Dataset items:
★ ★ ★ ★ ★

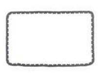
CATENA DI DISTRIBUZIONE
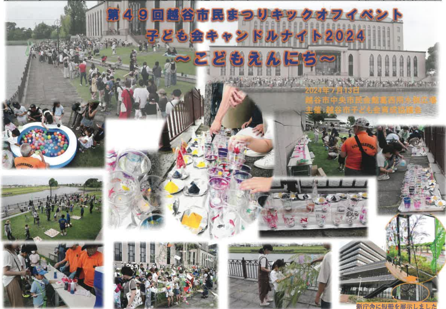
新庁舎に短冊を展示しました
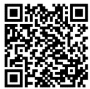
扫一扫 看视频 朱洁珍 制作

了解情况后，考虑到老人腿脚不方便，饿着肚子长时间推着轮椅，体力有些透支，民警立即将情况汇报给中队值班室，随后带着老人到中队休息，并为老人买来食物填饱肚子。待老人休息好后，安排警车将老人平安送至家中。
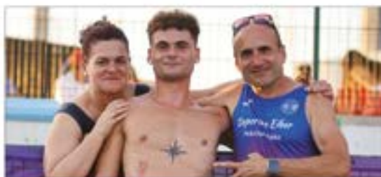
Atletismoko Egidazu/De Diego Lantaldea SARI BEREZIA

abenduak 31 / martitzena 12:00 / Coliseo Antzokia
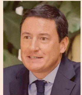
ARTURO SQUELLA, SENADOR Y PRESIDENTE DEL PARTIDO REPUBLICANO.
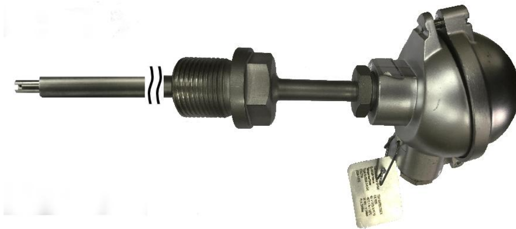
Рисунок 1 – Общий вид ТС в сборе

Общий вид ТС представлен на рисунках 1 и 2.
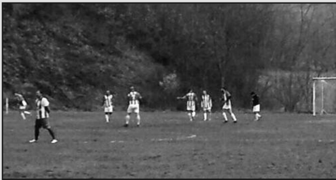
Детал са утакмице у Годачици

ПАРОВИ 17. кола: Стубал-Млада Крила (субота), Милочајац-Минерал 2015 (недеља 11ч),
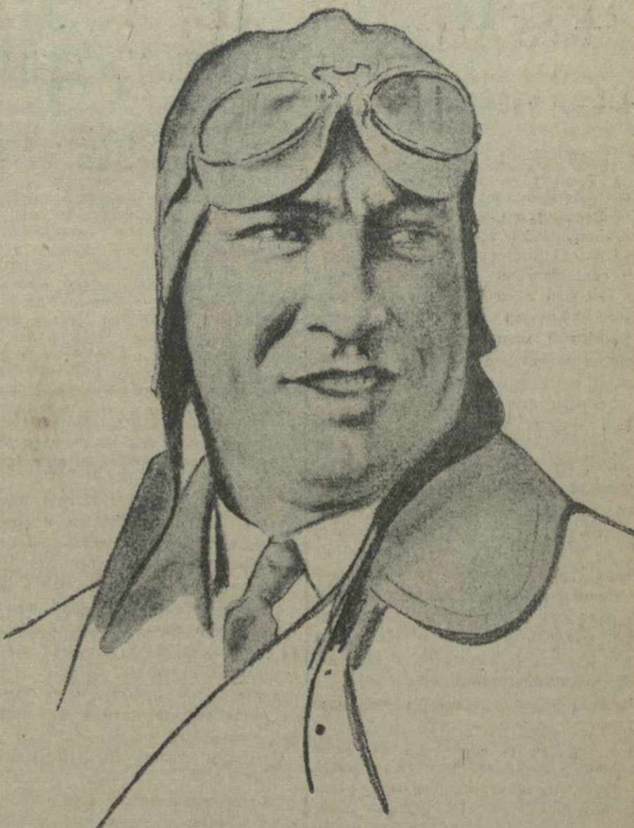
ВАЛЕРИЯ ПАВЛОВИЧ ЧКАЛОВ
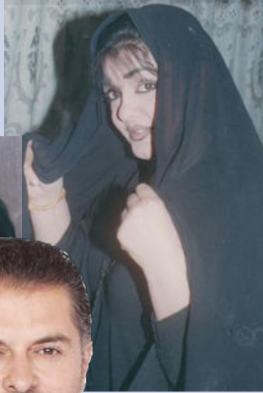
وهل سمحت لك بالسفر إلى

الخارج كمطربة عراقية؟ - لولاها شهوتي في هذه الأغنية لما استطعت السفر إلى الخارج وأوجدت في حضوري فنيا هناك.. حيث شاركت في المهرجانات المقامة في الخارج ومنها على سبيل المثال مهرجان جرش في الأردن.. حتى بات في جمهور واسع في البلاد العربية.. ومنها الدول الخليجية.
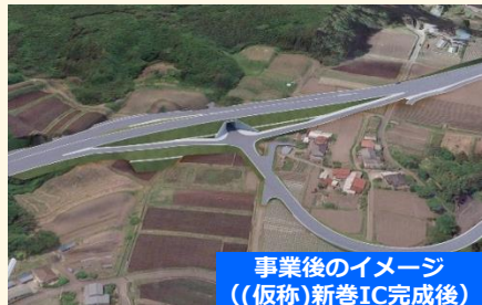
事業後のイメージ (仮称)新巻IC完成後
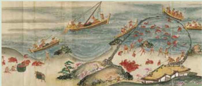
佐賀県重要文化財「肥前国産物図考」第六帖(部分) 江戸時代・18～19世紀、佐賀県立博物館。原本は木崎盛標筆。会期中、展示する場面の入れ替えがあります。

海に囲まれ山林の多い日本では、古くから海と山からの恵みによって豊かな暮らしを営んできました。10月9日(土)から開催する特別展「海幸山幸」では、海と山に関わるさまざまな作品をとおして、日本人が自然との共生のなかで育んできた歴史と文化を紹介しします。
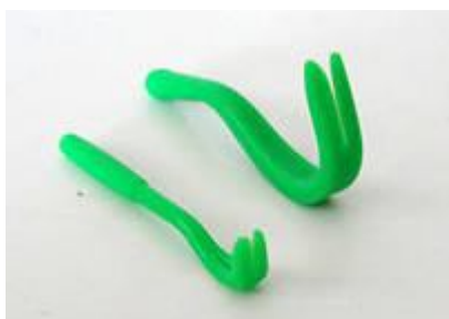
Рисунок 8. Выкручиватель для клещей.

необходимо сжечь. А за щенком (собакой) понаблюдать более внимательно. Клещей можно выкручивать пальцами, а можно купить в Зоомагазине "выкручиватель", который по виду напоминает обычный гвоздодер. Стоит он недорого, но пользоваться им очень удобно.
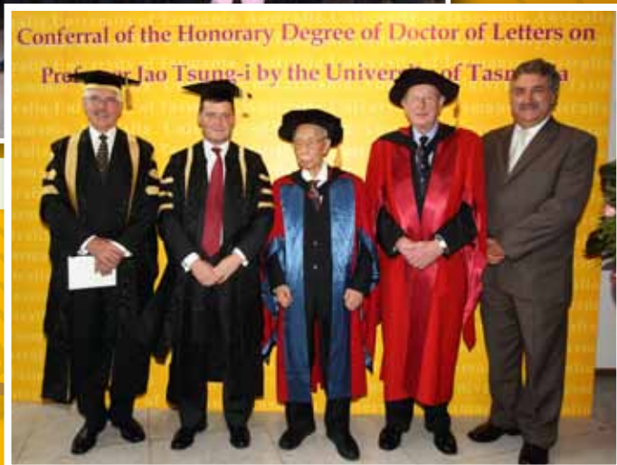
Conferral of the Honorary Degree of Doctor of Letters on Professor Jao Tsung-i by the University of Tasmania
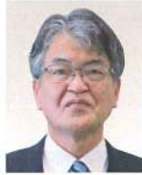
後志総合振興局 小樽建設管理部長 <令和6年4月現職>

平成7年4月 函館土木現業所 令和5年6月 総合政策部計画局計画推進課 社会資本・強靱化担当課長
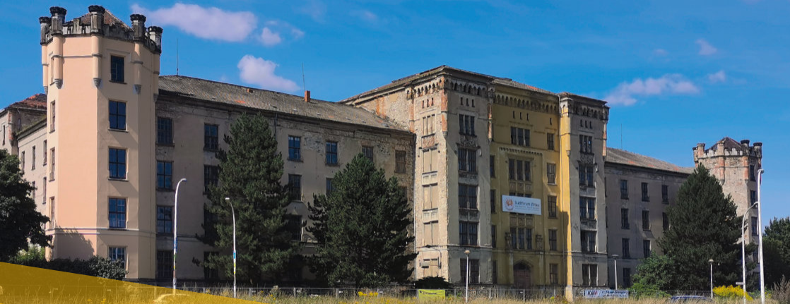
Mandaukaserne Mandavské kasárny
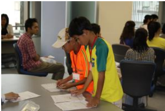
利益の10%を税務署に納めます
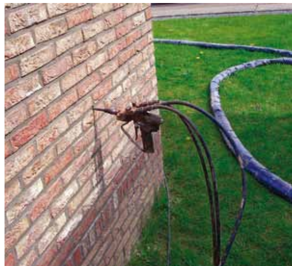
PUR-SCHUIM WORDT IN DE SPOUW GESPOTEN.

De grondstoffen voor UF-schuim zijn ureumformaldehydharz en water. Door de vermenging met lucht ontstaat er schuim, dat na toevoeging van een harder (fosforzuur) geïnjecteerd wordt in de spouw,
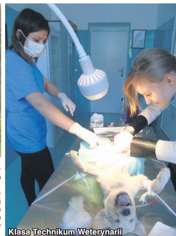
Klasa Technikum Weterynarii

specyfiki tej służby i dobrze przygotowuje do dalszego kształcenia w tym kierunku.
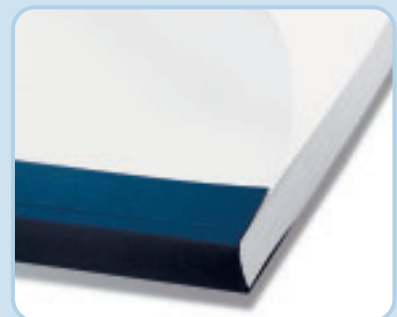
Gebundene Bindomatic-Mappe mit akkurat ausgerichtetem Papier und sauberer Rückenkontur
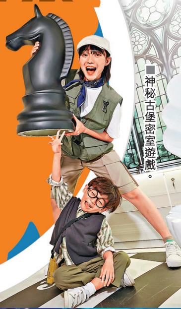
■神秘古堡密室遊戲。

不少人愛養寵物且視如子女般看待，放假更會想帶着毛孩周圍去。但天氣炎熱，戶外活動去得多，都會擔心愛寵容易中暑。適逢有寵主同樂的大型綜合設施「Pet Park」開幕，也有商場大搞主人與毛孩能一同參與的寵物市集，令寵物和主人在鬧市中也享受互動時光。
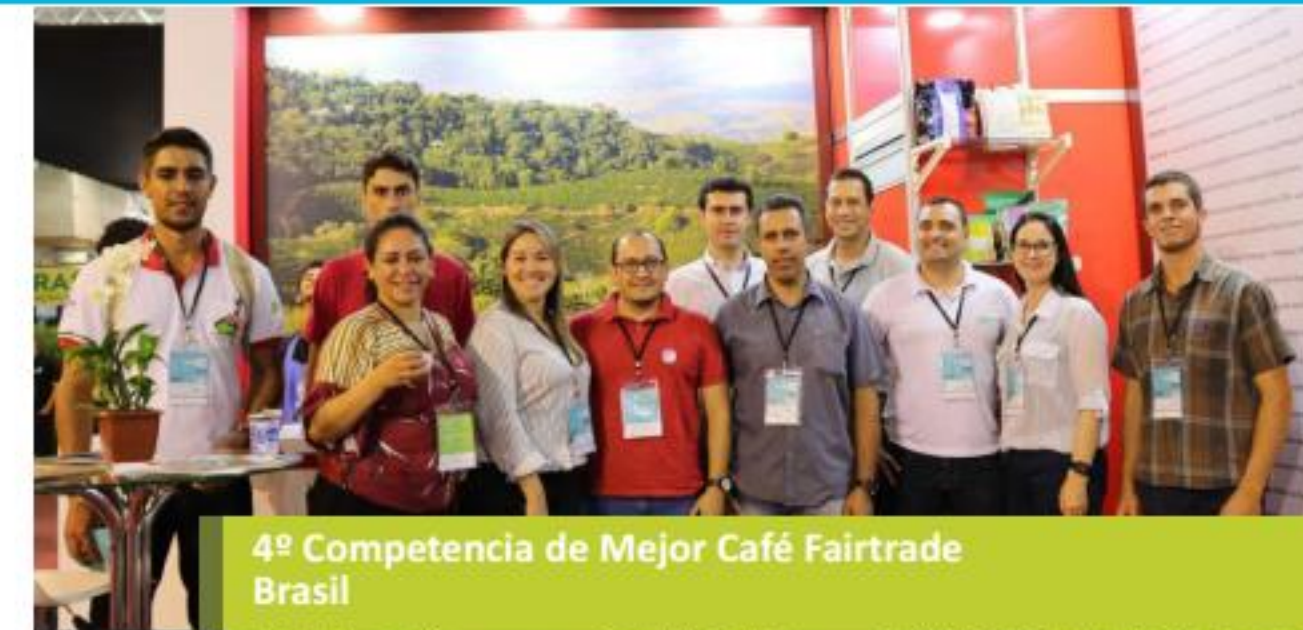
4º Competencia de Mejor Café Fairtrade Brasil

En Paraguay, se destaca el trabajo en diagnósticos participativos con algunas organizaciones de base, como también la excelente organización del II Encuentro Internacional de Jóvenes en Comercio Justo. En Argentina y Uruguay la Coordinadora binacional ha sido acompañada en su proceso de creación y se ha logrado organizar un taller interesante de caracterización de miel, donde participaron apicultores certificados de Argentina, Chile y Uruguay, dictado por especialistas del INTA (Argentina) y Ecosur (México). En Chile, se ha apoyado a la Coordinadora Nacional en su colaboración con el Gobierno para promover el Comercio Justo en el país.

★ ★ ★ ★ ★

Problem to solve: Give the entries again exactly, but skip every image.

Written answer:
CATENA DI DISTRIBUZIONE
新庁舎に短冊を展示しました
扫一扫 看视频 朱洁珍 制作

了解情况后，考虑到老人腿脚不方便，饿着肚子长时间推着轮椅，体力有些透支，民警立即将情况汇报给中队值班室，随后带着老人到中队休息，并为老人买来食物填饱肚子。待老人休息好后，安排警车将老人平安送至家中。
Atletismoko Egidazu/De Diego Lantaldea SARI BEREZIA

abenduak 31 / martitzena 12:00 / Coliseo Antzokia
ARTURO SQUELLA, SENADOR Y PRESIDENTE DEL PARTIDO REPUBLICANO.
Рисунок 1 – Общий вид ТС в сборе

Общий вид ТС представлен на рисунках 1 и 2.
Детал са утакмице у Годачици

ПАРОВИ 17. кола: Стубал-Млада Крила (субота), Милочајац-Минерал 2015 (недеља 11ч),
ВАЛЕРИЯ ПАВЛОВИЧ ЧКАЛОВ
وهل سمحت لك بالسفر إلى

الخارج كمطربة عراقية؟ - لولاها شهوتي في هذه الأغنية لما استطعت السفر إلى الخارج وأوجدت في حضوري فنيا هناك.. حيث شاركت في المهرجانات المقامة في الخارج ومنها على سبيل المثال مهرجان جرش في الأردن.. حتى بات في جمهور واسع في البلاد العربية.. ومنها الدول الخليجية.
事業後のイメージ (仮称)新巻IC完成後
佐賀県重要文化財「肥前国産物図考」第六帖(部分) 江戸時代・18～19世紀、佐賀県立博物館。原本は木崎盛標筆。会期中、展示する場面の入れ替えがあります。

海に囲まれ山林の多い日本では、古くから海と山からの恵みによって豊かな暮らしを営んできました。10月9日(土)から開催する特別展「海幸山幸」では、海と山に関わるさまざまな作品をとおして、日本人が自然との共生のなかで育んできた歴史と文化を紹介しします。
Рисунок 8. Выкручиватель для клещей.

необходимо сжечь. А за щенком (собакой) понаблюдать более внимательно. Клещей можно выкручивать пальцами, а можно купить в Зоомагазине "выкручиватель", который по виду напоминает обычный гвоздодер. Стоит он недорого, но пользоваться им очень удобно.
Conferral of the Honorary Degree of Doctor of Letters on Professor Jao Tsung-i by the University of Tasmania
後志総合振興局 小樽建設管理部長 <令和6年4月現職>

平成7年4月 函館土木現業所 令和5年6月 総合政策部計画局計画推進課 社会資本・強靱化担当課長
Mandaukaserne Mandavské kasárny
利益の10%を税務署に納めます
PUR-SCHUIM WORDT IN DE SPOUW GESPOTEN.

De grondstoffen voor UF-schuim zijn ureumformaldehydharz en water. Door de vermenging met lucht ontstaat er schuim, dat na toevoeging van een harder (fosforzuur) geïnjecteerd wordt in de spouw,
Klasa Technikum Weterynarii

specyfiki tej służby i dobrze przygotowuje do dalszego kształcenia w tym kierunku.
Gebundene Bindomatic-Mappe mit akkurat ausgerichtetem Papier und sauberer Rückenkontur
■神秘古堡密室遊戲。

不少人愛養寵物且視如子女般看待，放假更會想帶着毛孩周圍去。但天氣炎熱，戶外活動去得多，都會擔心愛寵容易中暑。適逢有寵主同樂的大型綜合設施「Pet Park」開幕，也有商場大搞主人與毛孩能一同參與的寵物市集，令寵物和主人在鬧市中也享受互動時光。
4º Competencia de Mejor Café Fairtrade Brasil

En Paraguay, se destaca el trabajo en diagnósticos participativos con algunas organizaciones de base, como también la excelente organización del II Encuentro Internacional de Jóvenes en Comercio Justo. En Argentina y Uruguay la Coordinadora binacional ha sido acompañada en su proceso de creación y se ha logrado organizar un taller interesante de caracterización de miel, donde participaron apicultores certificados de Argentina, Chile y Uruguay, dictado por especialistas del INTA (Argentina) y Ecosur (México). En Chile, se ha apoyado a la Coordinadora Nacional en su colaboración con el Gobierno para promover el Comercio Justo en el país.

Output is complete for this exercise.